### ACTION ITEM:
Find the number of lines below in which the word "Makkum" appears, and write that number only.

### GIVEN ENTRIES:

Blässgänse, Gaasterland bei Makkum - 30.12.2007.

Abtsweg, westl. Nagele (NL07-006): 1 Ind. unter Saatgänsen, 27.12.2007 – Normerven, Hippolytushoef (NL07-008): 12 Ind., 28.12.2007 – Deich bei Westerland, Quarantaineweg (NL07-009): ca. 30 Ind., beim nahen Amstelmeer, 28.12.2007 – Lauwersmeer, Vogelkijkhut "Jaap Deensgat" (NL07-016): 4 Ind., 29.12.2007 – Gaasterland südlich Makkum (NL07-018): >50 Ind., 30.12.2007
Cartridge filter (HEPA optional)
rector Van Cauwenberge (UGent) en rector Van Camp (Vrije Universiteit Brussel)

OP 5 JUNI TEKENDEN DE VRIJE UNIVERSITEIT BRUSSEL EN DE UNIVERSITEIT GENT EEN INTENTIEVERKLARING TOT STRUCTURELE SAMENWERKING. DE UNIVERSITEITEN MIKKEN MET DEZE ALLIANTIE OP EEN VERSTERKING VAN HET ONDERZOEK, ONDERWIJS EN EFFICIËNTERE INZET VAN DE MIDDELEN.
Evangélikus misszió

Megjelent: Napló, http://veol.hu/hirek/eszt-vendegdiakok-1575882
--
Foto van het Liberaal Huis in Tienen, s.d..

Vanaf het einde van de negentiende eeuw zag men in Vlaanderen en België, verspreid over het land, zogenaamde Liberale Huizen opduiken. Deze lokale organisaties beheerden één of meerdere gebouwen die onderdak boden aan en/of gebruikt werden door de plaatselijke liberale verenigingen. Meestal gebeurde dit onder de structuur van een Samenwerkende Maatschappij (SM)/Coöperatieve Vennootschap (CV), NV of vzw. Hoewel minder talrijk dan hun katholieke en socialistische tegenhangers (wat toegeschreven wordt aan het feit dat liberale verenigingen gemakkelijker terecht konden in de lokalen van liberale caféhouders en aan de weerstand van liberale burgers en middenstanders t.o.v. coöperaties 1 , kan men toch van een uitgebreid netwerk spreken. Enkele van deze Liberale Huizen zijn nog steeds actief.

### EXERCISE SOLUTION:
2